Coding Agents Challenge the Boring Technology Principle
- •Coding agents use large context windows to master new tools via real-time documentation.
- •Human technical choices override model biases toward popular software stacks like Stripe or GitHub.
- •Standardized 'Skills' from major platforms help agents integrate with modern, fast-moving ecosystems.
Simon Willison (co-creator of Django and prominent tech blogger) explores a significant shift in how AI-assisted programming impacts technical decision-making. Historically, developers were encouraged to "choose boring technology"—mature, well-documented tools with extensive online presence.

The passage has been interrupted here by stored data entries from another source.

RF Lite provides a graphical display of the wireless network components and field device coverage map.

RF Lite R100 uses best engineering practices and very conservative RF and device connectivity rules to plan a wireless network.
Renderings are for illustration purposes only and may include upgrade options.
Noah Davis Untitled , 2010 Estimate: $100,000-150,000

This was largely because early models performed significantly better on widely used languages like Python or JavaScript, which dominated their training datasets.

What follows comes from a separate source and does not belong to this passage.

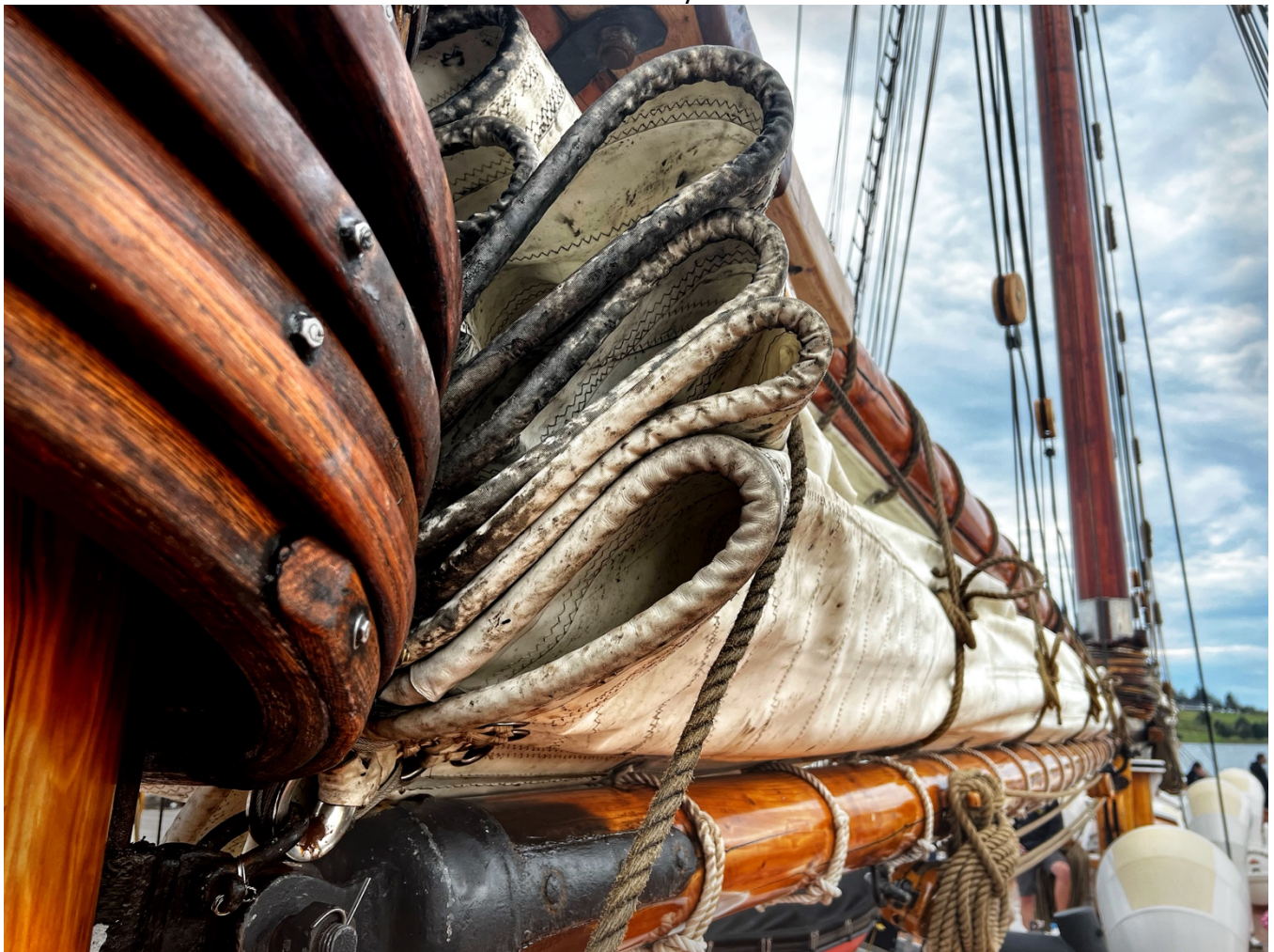
"Bluenose Sails" by Viki Gaul

However, the advent of sophisticated coding agents and expanded context windows (the amount of information a model can process at once) is changing this dynamic. Modern agents can now ingest real-time documentation or private codebase patterns on the fly. By simply prompting an agent to read a tool's "help" output or local examples, developers can effectively "teach" the model to work with brand-new or niche technologies via in-context learning—the ability of a model to adapt to new info within a prompt.

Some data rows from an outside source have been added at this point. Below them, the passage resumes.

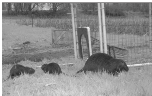
Figure 2. Camera surveillance capture of a nutria ( Myocastor coypus ) social group in the vicinity of a nutria multiple-capture trap (MCT) on Sauvie Island, Oregon, USA, in March 2011; infrared motion cameras were established at each MCT to continuously monitor animal activity from March to April 2011.

2 opossums, 1 skunk ( Mephitis mephitis ), 1 feral cat ( Felis catus ), 1 brown rat ( Rattus norvegicus ), 1 brush rabbit ( Sylvilagus bachmani ), and 1 songbird (species unknown).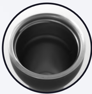
double steel wall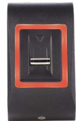
Red LED blinking Access Denied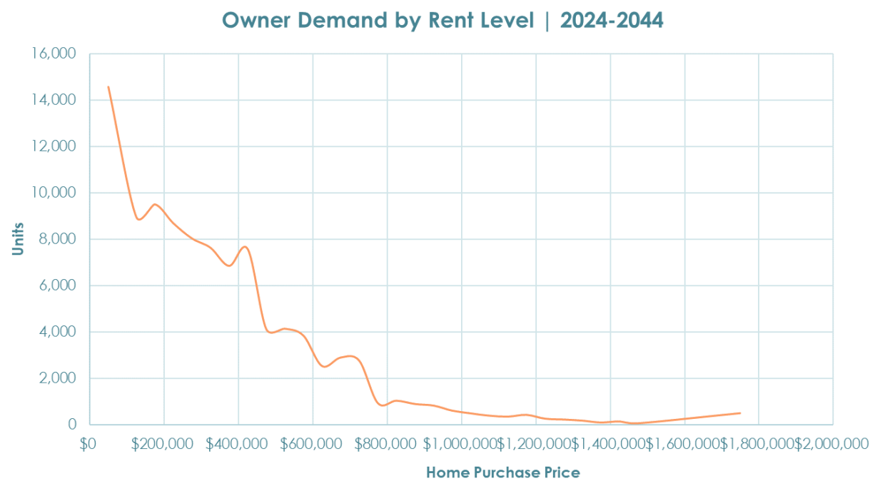
Figure 17: Assumes households spend a percentage of their income on housing based on current trends

household life cycle cohorts suggest very few will be in the home buying market. There are several reasons for this: 1) younger households generally earn less; 2) are unable to qualify for mortgages; 3) don't have enough saved up for a down payment; 4) and the demographics in the future lean toward proportionally fewer younger households in the region as there will be fewer due to declining birth rates and thus lower household formation rates.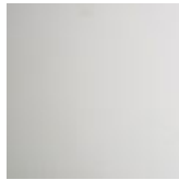
OP71 matt white

Recent studies into tools like Claude Code (a command-line interface for coding) suggest that while AI might exhibit a "near monopoly" bias toward specific stacks like Stripe or shadcn/ui, human intervention remains the deciding factor. The rapid adoption of standardized "Skills"—pre-packaged capabilities released by platforms like Supabase and Vercel—further enables agents to bridge the gap between training data and cutting-edge software development.